Besouro will be shown again at the festival, held in Los Angeles, USA, on February 9, 14 and 18, at 6:00 p.m., 2:40 p.m. and 9:30 p.m. respectively. The film will also host a gala session with the director, João Daniel Tikhomiroff, who couldn’t receive the award he won for his feature film in 2011.
“I was running a series and I could not leave, I had no idea I would win,” Tikhomiroff recalls, in an interview with the O Estado de S. Paulo newspaper. “They insisted that I be there this time, in the session I will answer questions from the public.”
Besouro is the only Brazilian production to have received the highest award in the 26 editions already held by PAFF, an international festival focused on films promoting the cultural heritage of Africa. In the presentation of the film, on its website, the organization of the festival features Besouro as “one of the greatest Brazilian film productions ever made.”
The Tikhomiroff film is a fiction inspired by the legends that involve the real figure of Manuel Henrique Pereira, a capoeirista from the state of Bahia who was active in the 1920s and became known as Besouro Mangangá. In the film, Besouro has superhuman powers, like that of flying, conquered with the help of orixás, African deities, that he uses to fight against slavery that existed in the country even after the abolition in 1888.

“I’m thrilled and proud,” says the filmmaker about the feature film, which also received prizes at other festivals. “The film has a very Brazilian history, from the African origins and mythologies of candomblé to something completely Brazilian, like capoeira, that causes an enchantment all over the world.”
Besouro is a rare example of a Brazilian action movie with aspects that resemble comic books. The film preceded the huge superhero movie boom promoted by Disney’s Marvel Studios over the course of this decade. “He’s kind of a superhero. Although the real story is there, the legends about Besouro are very present, such as the fantasy of which he flew, or that when he died incorporated into other people.”

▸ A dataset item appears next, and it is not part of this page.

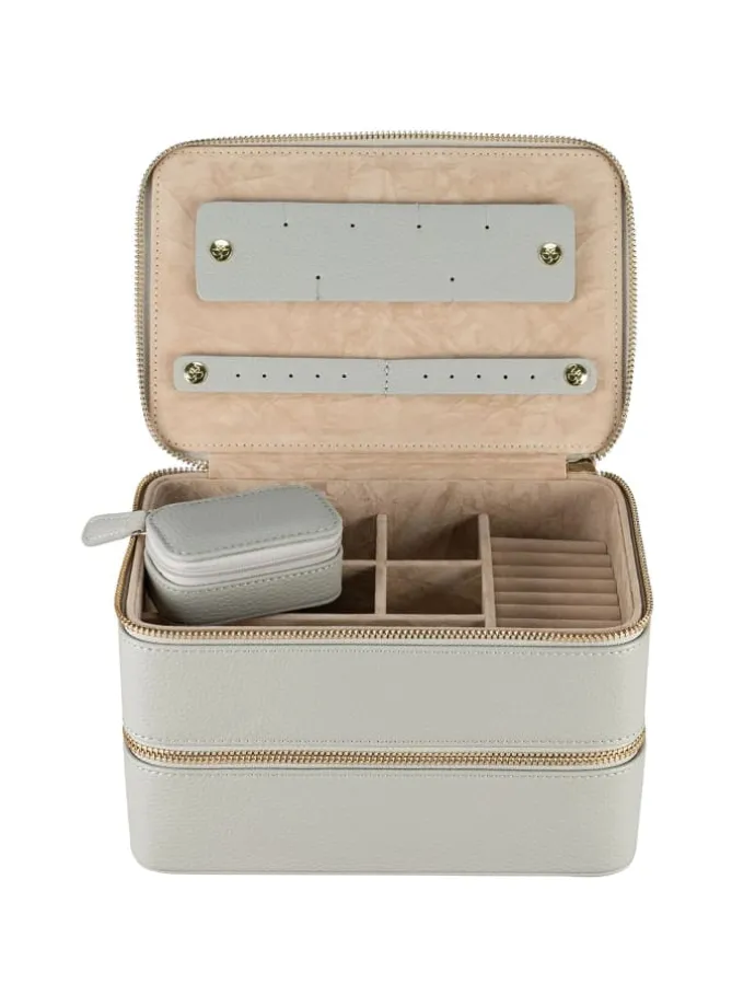 Dieser edle Schmuckkasten von Windrose bietet stilvolle Aufbewahrung für Ihre Schmuckschätze. Mit zwei großzügigen Hauptfächern und speziellen Fächern für verschiedene Schmuckarten hält er alles geordnet bereit. Zwei herausnehmbare Etuis bieten Flexibilität für unterwegs, während das dezente Windrose-Logo auf der Front für Eleganz steht. Sicherer Reißverschluss inklusive.

For Tikhomiroff, it is possible that Besouro served as a visual reference for Black Panther, a Marvel film about a fictitious African country, which in 2019 is competing for the Oscar for best picture. “I’ve already been told that someone from the production of Black Panther (released as Pantera Negra in Brazil) stated that Besouro was a reference,” he says. “It is possible, there are three very striking scenes from the two films that are visually similar, as well as the way the protagonist relates to the orixás.”
Tikhomiroff plans now to insert the legend of the Besouro Mangangá on television, in series format. The filmmaker is developing, with the producer Mixer Filmes, a TV project based on the character. This time, the audience will meet the spirit of Besouro nowadays, in a big city. “It’s the same character, but these days, in a different way,” explains the director. “But still a capoeirista (capoeira fighter) and with the relation with the Orixás.”
In recent months, news has circulated that the project was in production with Globo, but Tikhomiroff says the project’s channel of display is not yet defined. The same news affirmed that the series would have no relation with candomblé, which the director also denies. “It would be absurd if the character does not have this religious relationship, it’s something that is the basis of our culture, it would be a shame to waste it.”
Source: Hoje em Dia
I’ve seen Besouro and it’s a great movie. But why couldn’t it have been directed by a Black person? As Black people GLOBALLY, we really need to start taking more control of our own images.
I know and there are so many talented Black Brazilian directors that you’ve been mentioning for years on this blog that probably won’t get the same chance this White director is going to get. Out of all of the Afro-Brazilian mythology and folklore that exist in Brazil, I’m surprised that a Black person didn’t think to direct Besouro first.
im sure many did…………….but to direct you usually need money and blacks do not have it.